**Aim of the task**
Give back the full listing, exactly as it is.

**Data records**
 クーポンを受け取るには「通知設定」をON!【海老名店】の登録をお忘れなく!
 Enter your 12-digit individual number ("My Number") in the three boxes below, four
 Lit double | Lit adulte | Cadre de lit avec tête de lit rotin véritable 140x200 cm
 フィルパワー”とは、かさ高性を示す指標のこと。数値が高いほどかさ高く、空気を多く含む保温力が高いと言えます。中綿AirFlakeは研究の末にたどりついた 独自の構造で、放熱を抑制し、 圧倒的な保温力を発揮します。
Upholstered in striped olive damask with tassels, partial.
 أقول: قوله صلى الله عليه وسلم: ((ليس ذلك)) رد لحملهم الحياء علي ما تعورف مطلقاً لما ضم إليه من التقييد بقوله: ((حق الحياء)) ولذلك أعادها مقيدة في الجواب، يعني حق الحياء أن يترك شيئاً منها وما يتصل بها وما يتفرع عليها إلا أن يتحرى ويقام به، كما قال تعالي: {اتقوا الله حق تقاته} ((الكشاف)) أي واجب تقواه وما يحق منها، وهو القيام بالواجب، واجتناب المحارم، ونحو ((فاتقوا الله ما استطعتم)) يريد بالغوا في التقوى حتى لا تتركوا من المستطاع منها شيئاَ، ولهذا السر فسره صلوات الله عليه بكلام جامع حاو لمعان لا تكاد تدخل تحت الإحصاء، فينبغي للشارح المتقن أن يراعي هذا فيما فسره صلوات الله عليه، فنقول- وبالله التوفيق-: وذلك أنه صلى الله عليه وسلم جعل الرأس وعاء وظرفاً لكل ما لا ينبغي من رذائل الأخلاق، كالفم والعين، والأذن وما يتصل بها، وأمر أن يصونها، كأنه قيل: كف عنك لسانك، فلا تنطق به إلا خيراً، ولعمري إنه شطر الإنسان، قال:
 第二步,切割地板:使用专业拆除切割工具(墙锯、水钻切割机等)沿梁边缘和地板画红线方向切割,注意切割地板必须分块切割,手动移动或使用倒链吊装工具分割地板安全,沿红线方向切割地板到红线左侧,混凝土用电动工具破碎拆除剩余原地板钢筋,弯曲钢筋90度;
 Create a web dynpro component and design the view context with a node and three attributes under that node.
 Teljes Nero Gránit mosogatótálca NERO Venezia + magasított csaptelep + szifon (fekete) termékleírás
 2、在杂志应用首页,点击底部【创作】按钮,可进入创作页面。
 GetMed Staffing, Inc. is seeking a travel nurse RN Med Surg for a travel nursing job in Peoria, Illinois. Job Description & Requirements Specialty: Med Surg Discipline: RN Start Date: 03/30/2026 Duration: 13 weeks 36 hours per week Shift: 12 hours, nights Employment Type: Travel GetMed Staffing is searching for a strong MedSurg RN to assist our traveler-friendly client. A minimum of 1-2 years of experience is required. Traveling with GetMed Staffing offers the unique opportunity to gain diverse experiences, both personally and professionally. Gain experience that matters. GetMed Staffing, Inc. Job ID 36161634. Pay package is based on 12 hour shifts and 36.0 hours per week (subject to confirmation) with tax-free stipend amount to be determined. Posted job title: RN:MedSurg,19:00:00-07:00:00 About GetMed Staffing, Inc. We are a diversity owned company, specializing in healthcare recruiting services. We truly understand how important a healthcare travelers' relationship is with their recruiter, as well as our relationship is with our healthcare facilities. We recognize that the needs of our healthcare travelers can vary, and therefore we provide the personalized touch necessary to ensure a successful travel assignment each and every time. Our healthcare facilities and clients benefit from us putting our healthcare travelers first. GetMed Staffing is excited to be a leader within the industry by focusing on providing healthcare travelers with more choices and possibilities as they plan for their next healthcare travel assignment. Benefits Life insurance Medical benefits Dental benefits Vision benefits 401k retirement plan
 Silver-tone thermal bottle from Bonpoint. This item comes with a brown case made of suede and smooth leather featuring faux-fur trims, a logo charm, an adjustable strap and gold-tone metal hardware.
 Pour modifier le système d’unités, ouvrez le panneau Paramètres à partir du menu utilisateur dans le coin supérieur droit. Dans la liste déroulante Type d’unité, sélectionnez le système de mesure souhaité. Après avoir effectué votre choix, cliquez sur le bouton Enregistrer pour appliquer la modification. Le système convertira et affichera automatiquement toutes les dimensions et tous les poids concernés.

**Task answer**
 クーポンを受け取るには「通知設定」をON!【海老名店】の登録をお忘れなく!
 Enter your 12-digit individual number ("My Number") in the three boxes below, four
 Lit double | Lit adulte | Cadre de lit avec tête de lit rotin véritable 140x200 cm
 フィルパワー”とは、かさ高性を示す指標のこと。数値が高いほどかさ高く、空気を多く含む保温力が高いと言えます。中綿AirFlakeは研究の末にたどりついた 独自の構造で、放熱を抑制し、 圧倒的な保温力を発揮します。
Upholstered in striped olive damask with tassels, partial.
 أقول: قوله صلى الله عليه وسلم: ((ليس ذلك)) رد لحملهم الحياء علي ما تعورف مطلقاً لما ضم إليه من التقييد بقوله: ((حق الحياء)) ولذلك أعادها مقيدة في الجواب، يعني حق الحياء أن يترك شيئاً منها وما يتصل بها وما يتفرع عليها إلا أن يتحرى ويقام به، كما قال تعالي: {اتقوا الله حق تقاته} ((الكشاف)) أي واجب تقواه وما يحق منها، وهو القيام بالواجب، واجتناب المحارم، ونحو ((فاتقوا الله ما استطعتم)) يريد بالغوا في التقوى حتى لا تتركوا من المستطاع منها شيئاَ، ولهذا السر فسره صلوات الله عليه بكلام جامع حاو لمعان لا تكاد تدخل تحت الإحصاء، فينبغي للشارح المتقن أن يراعي هذا فيما فسره صلوات الله عليه، فنقول- وبالله التوفيق-: وذلك أنه صلى الله عليه وسلم جعل الرأس وعاء وظرفاً لكل ما لا ينبغي من رذائل الأخلاق، كالفم والعين، والأذن وما يتصل بها، وأمر أن يصونها، كأنه قيل: كف عنك لسانك، فلا تنطق به إلا خيراً، ولعمري إنه شطر الإنسان، قال:
 第二步,切割地板:使用专业拆除切割工具(墙锯、水钻切割机等)沿梁边缘和地板画红线方向切割,注意切割地板必须分块切割,手动移动或使用倒链吊装工具分割地板安全,沿红线方向切割地板到红线左侧,混凝土用电动工具破碎拆除剩余原地板钢筋,弯曲钢筋90度;
 Create a web dynpro component and design the view context with a node and three attributes under that node.
 Teljes Nero Gránit mosogatótálca NERO Venezia + magasított csaptelep + szifon (fekete) termékleírás
 2、在杂志应用首页,点击底部【创作】按钮,可进入创作页面。
 GetMed Staffing, Inc. is seeking a travel nurse RN Med Surg for a travel nursing job in Peoria, Illinois. Job Description & Requirements Specialty: Med Surg Discipline: RN Start Date: 03/30/2026 Duration: 13 weeks 36 hours per week Shift: 12 hours, nights Employment Type: Travel GetMed Staffing is searching for a strong MedSurg RN to assist our traveler-friendly client. A minimum of 1-2 years of experience is required. Traveling with GetMed Staffing offers the unique opportunity to gain diverse experiences, both personally and professionally. Gain experience that matters. GetMed Staffing, Inc. Job ID 36161634. Pay package is based on 12 hour shifts and 36.0 hours per week (subject to confirmation) with tax-free stipend amount to be determined. Posted job title: RN:MedSurg,19:00:00-07:00:00 About GetMed Staffing, Inc. We are a diversity owned company, specializing in healthcare recruiting services. We truly understand how important a healthcare travelers' relationship is with their recruiter, as well as our relationship is with our healthcare facilities. We recognize that the needs of our healthcare travelers can vary, and therefore we provide the personalized touch necessary to ensure a successful travel assignment each and every time. Our healthcare facilities and clients benefit from us putting our healthcare travelers first. GetMed Staffing is excited to be a leader within the industry by focusing on providing healthcare travelers with more choices and possibilities as they plan for their next healthcare travel assignment. Benefits Life insurance Medical benefits Dental benefits Vision benefits 401k retirement plan
 Silver-tone thermal bottle from Bonpoint. This item comes with a brown case made of suede and smooth leather featuring faux-fur trims, a logo charm, an adjustable strap and gold-tone metal hardware.
 Pour modifier le système d’unités, ouvrez le panneau Paramètres à partir du menu utilisateur dans le coin supérieur droit. Dans la liste déroulante Type d’unité, sélectionnez le système de mesure souhaité. Après avoir effectué votre choix, cliquez sur le bouton Enregistrer pour appliquer la modification. Le système convertira et affichera automatiquement toutes les dimensions et tous les poids concernés.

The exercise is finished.